Stored dataset items
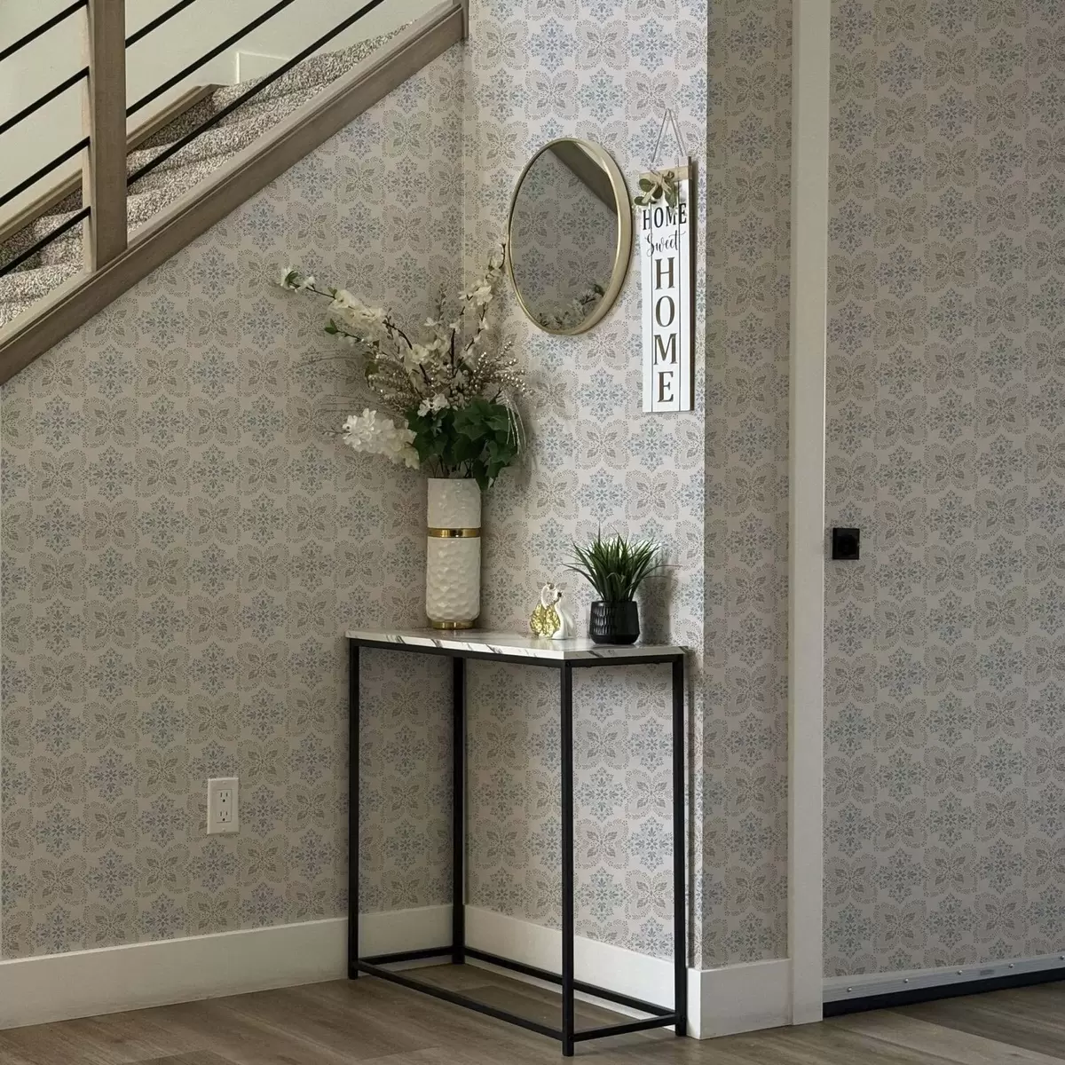 Tapet Modele simetrice de frunze gri-albastru Nr. a00467
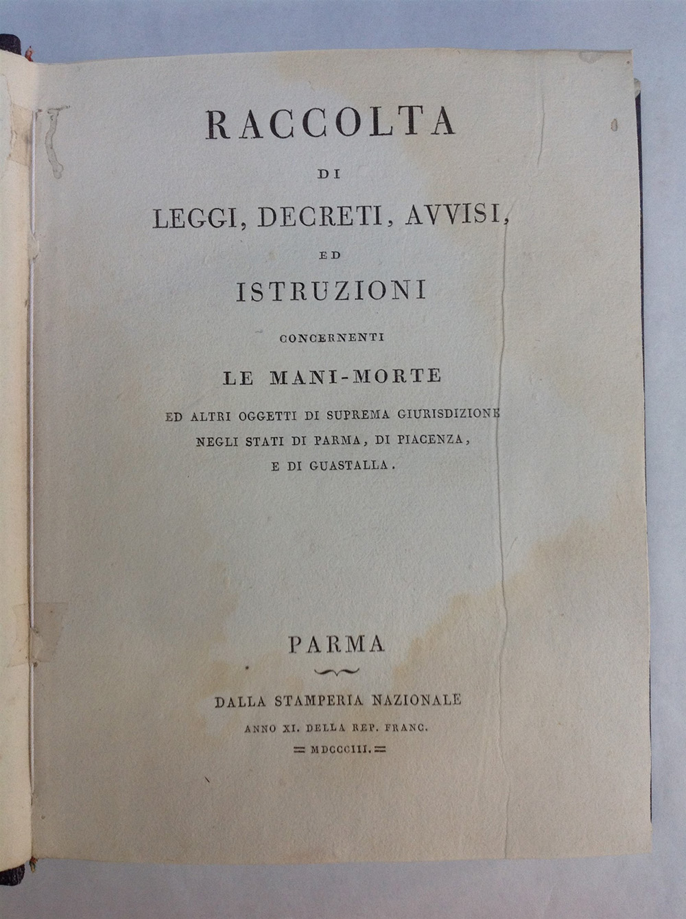 Raccolta di leggi, decreti, avvixi, ed istituzioni concernenti la man-morte ed altri oggetti di suprema giurisdizione negli Stati di Parma, di Piacenza, e di Guastalla. Parma: Stamperia Nazionale, 1803. Volume in 4to piccolo contenente leggi, editti e notifiche (gore di umdità). Legatura in mezza tela.
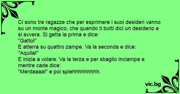 Ci sono tre ragazze che per esprimere i suoi desideri vanno su un monte magico, che quando ti butti dici un desiderio e si avvera. Si getta la prima e dice:
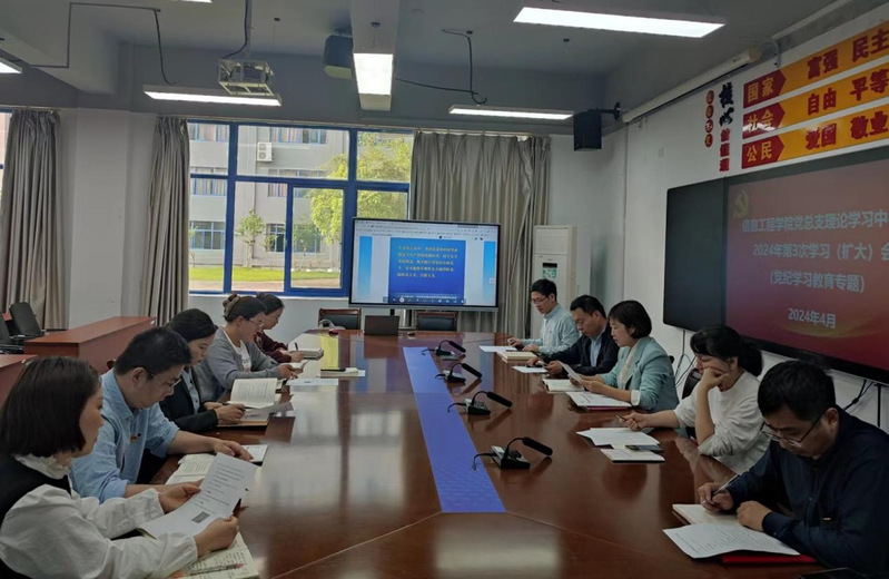 4月29日下午,信息工程学院党总支召开2024年理论学习中心组第三次学习(扩大)会,围绕党纪学习教育开展专题学习。中心组全体成员、内设机构负责人、党支部书记参加学习。会议由总支书记刘永玲主持。
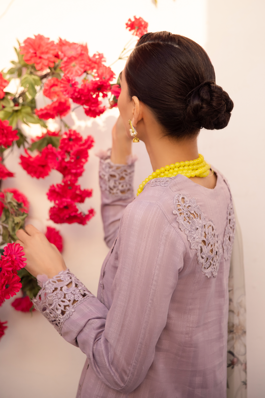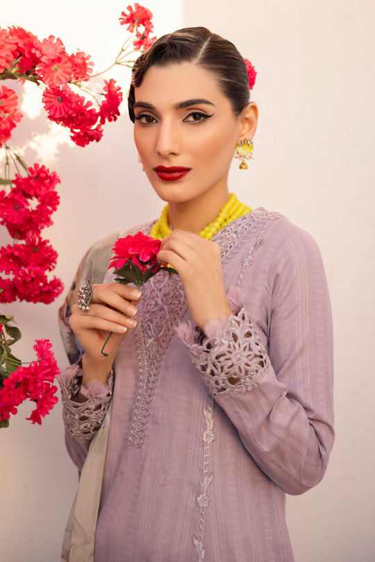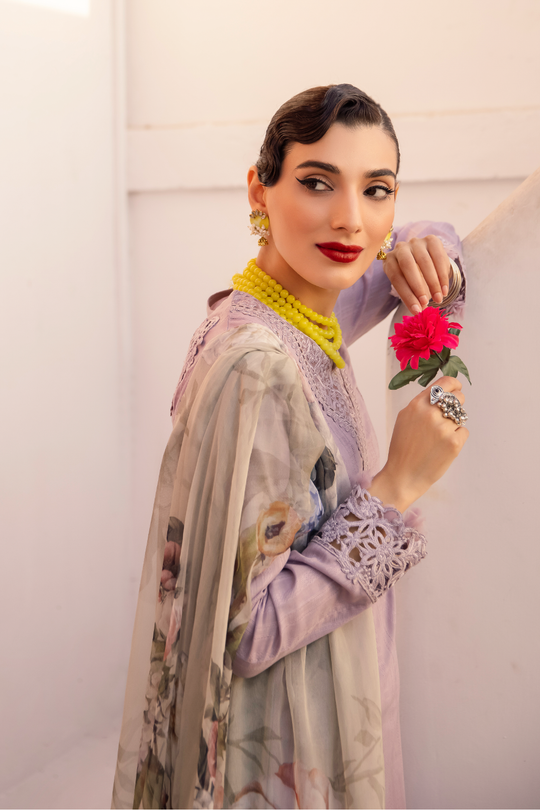 Fabric details: Dyed textured lawn shirt with embroidered organza patches, printed chiffon dupatta, dyed cambric trousers.
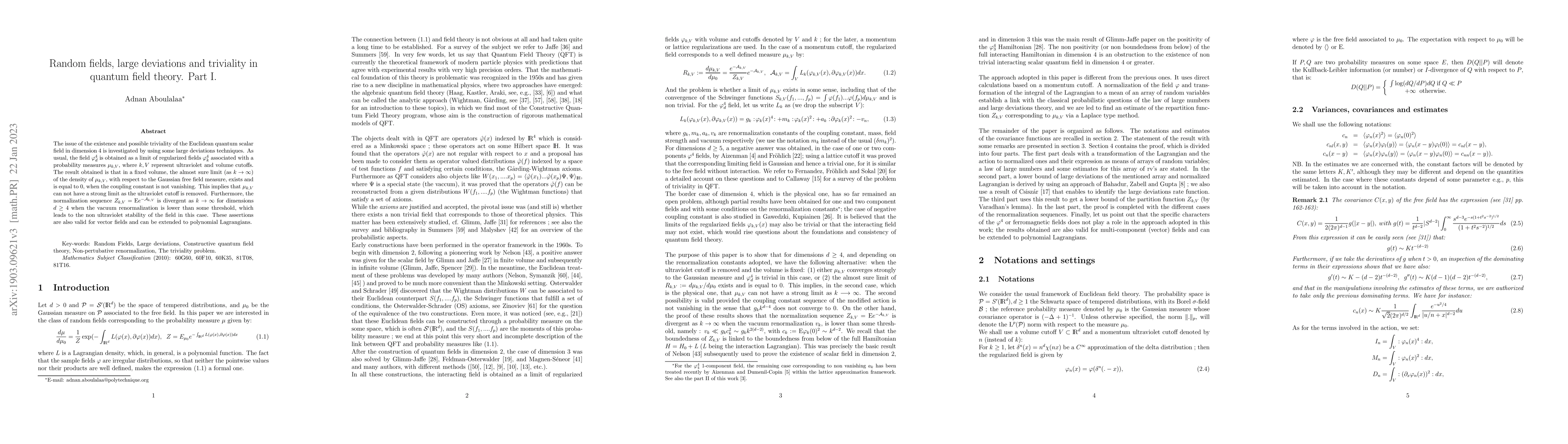 The issue of the existence and possible triviality of the Euclidean quantum scalar field in dimension 4 is investigated by using some large deviations techniques. As usual, the field $\varphi_{d}^{4}$ is obtained as a limit of regularized fields $\varphi_{k}^{4}$ associated with a probability measures $\mu_{k,V}$, where $k, V$ represent ultraviolet and volume cutoffs. The result obtained is that in a fixed volume, the almost sure limit (as $k \rightarrow \infty$) of the density of $\mu_{k,V}$, with respect to the Gaussian free field measure, exists and is equal to $0$, when the coupling constant is not vanishing. This implies that $\mu_{k,V}$ can not have a strong limit as the ultraviolet cutoff is removed. Furthermore, the normalization sequence $Z_{k,V}=E e^{-{\cal A}_{k,V}}$ is divergent as $k \rightarrow \infty$ for dimensions $d\geq4$ when the vacuum renormalization is lower than some threshold, which leads to the non ultraviolet stability of the field in this case. These assertions are also valid for vector fields and can be extended to polynomial Lagrangians.
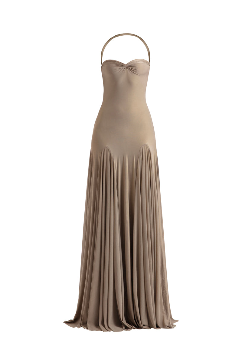 فستان بدون حمالات يتميز بفتحات عالية للحصول على شكل متسعة مع تكديس أنيق على الصدر.
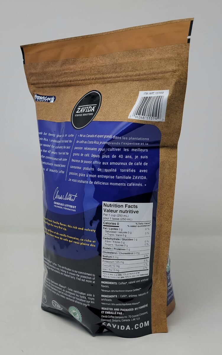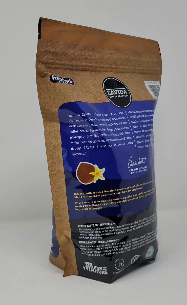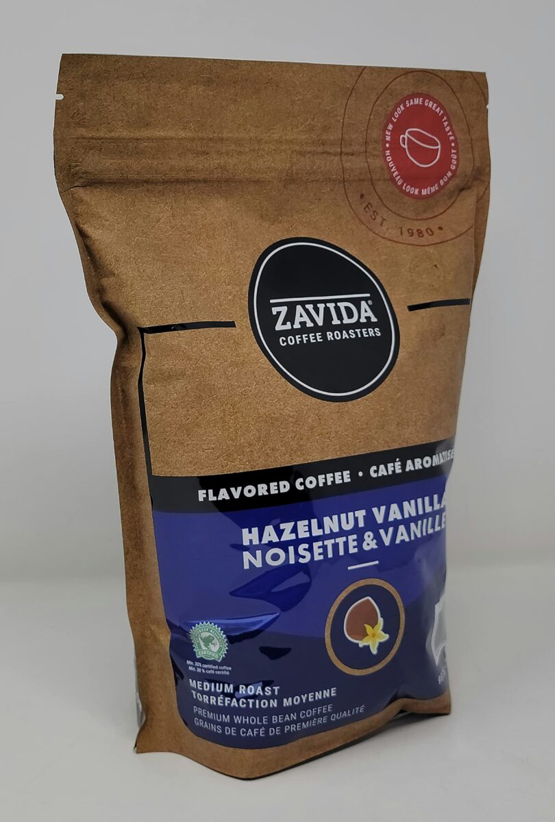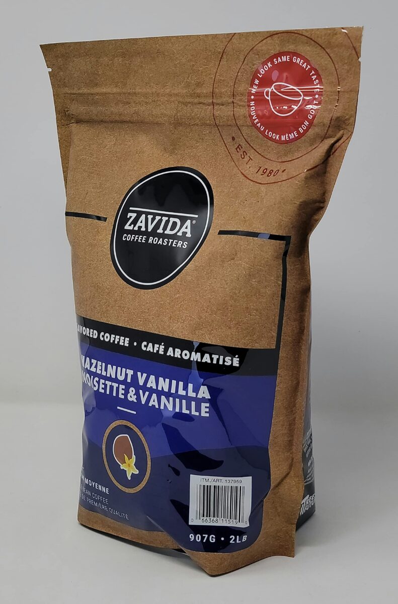 Zavida Hazelnut Vanilla Premium Whole Bean Flavoured / Flavored Coffee, Medium-Dark Roast, RFA 30%, Kosher, Halal, 100% Arabica, 2 Pound Bag
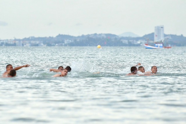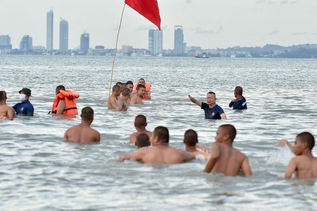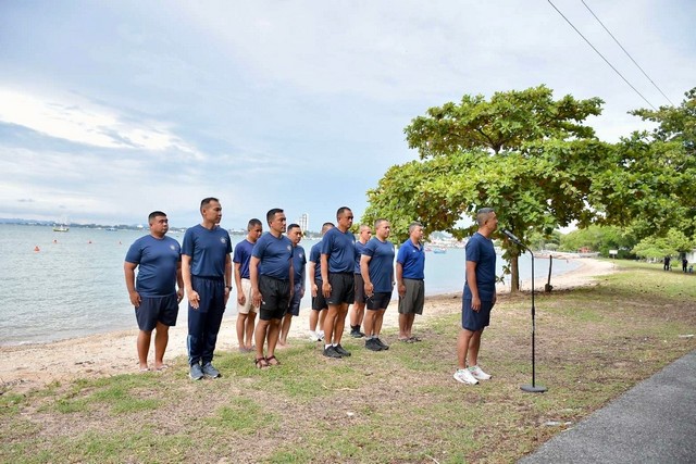 วันพุธที่ 3 กันยายน 2568 น.อ.ทิวา อ่อนละออ ผู้บังคับการศูนย์ฝึกทหารใหม่ กรมยุทธศึกษาทหารเรือ (ผบ.ศฝท.ยศ.ทร.) พร้อมด้วยคณะผู้บังคับบัญชา ร่วมกิจกรรมว่ายน้ำในทะเลกับทหารใหม่ ผลัดที่ 2/68 ณ อ่าวบางเสร่ ต.บางเสร่ อ.สัตหีบ จ.ชลบุรี
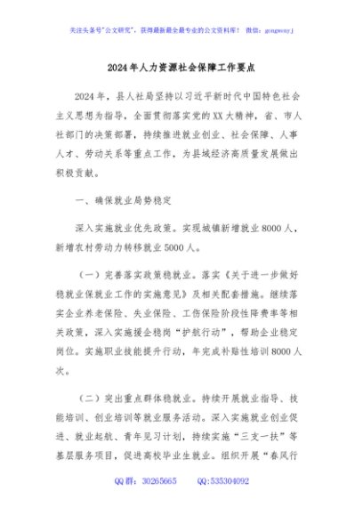 / 2024年人力资源社会保障工作要点
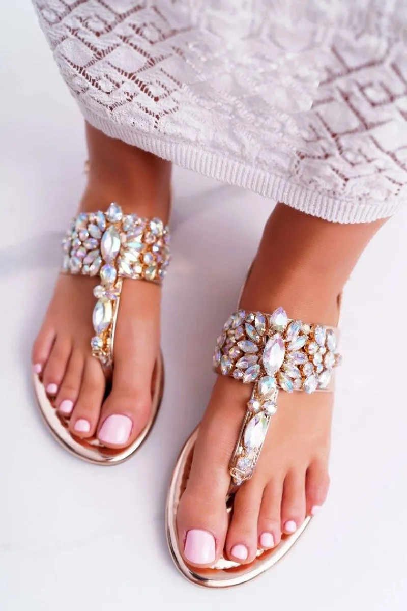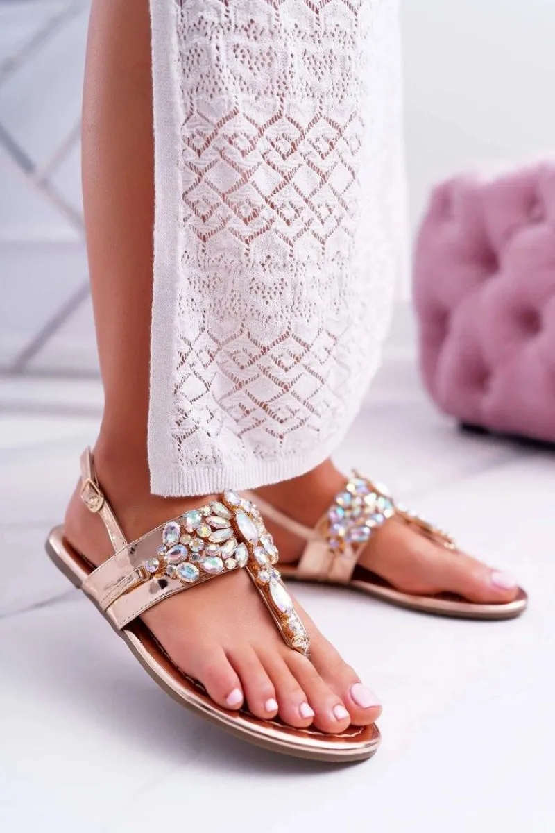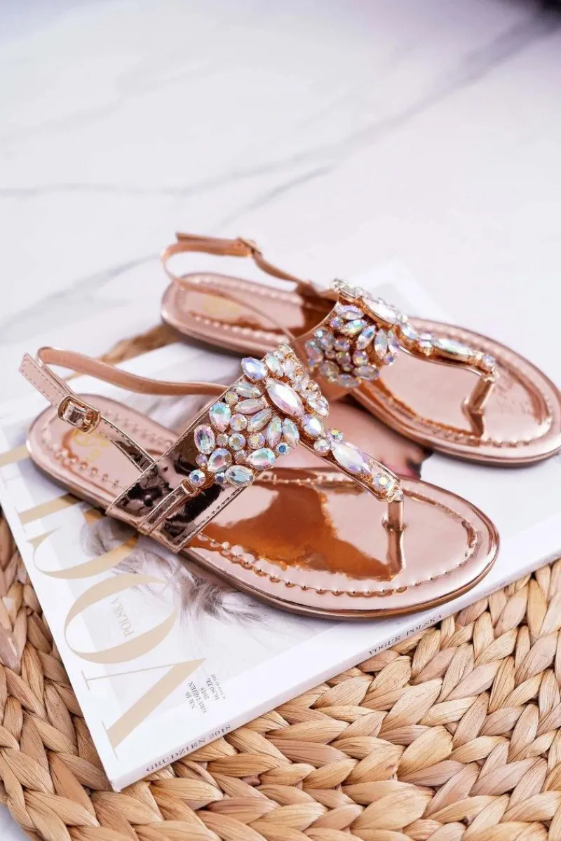 Sandały marki Lu Boo ozdobione kryształami. Sandały wykonane są z lakierowanej skóry ekologicznej. Przy wyborze rozmiaru prosimy sugerować się tabelą rozmiarów.
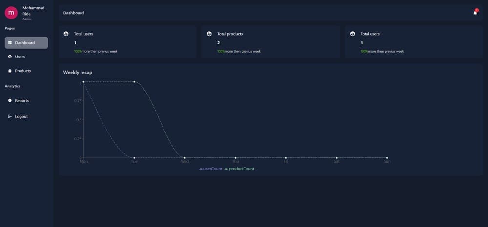 Small admin dashboard project that shows some analysis about users and products with ability to add users and products with info. with ability to login using username and password or login with google
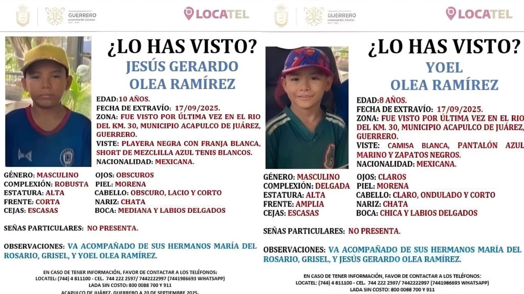 María del Rosario (13), Grisel (12), Jesús Gerardo (10) y Yoel Olea Ramírez (8) fueron vistos por última vez el 17 de septiembre cerca del río en el Kilómetro 30, un poblado marcado por ataques armados y extorsiones recientes. Vestían camisa blanca y pantalón azul (Yoel), blusa blanca con falda verde (las niñas) y playera negra con short de mezclilla (Jesús).
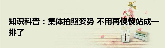 如今隨著人們生活品質越來越高,大家對于生活方面的追求也是越來越多了,那么既然對于生活方面的知識需求了解,那么小編今天就來給大家針對集體拍照姿勢 不用再傻傻站成一排了這方面的知識來進行一個介紹吧。
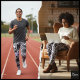 Fashionerbara kvinnomodeller som slår svart och vit abstrakt, ett måste för var och en som söker unika och snyggt aktiva kläder.

PROBLEM
The range to copy runs from the line with "Small admin dashboard" to the last line of the entries, both included; copy it exactly and leave out the pictures.

EXERCISE ANSWER
 Small admin dashboard project that shows some analysis about users and products with ability to add users and products with info. with ability to login using username and password or login with google
 María del Rosario (13), Grisel (12), Jesús Gerardo (10) y Yoel Olea Ramírez (8) fueron vistos por última vez el 17 de septiembre cerca del río en el Kilómetro 30, un poblado marcado por ataques armados y extorsiones recientes. Vestían camisa blanca y pantalón azul (Yoel), blusa blanca con falda verde (las niñas) y playera negra con short de mezclilla (Jesús).
 如今隨著人們生活品質越來越高,大家對于生活方面的追求也是越來越多了,那么既然對于生活方面的知識需求了解,那么小編今天就來給大家針對集體拍照姿勢 不用再傻傻站成一排了這方面的知識來進行一個介紹吧。
 Fashionerbara kvinnomodeller som slår svart och vit abstrakt, ett måste för var och en som söker unika och snyggt aktiva kläder.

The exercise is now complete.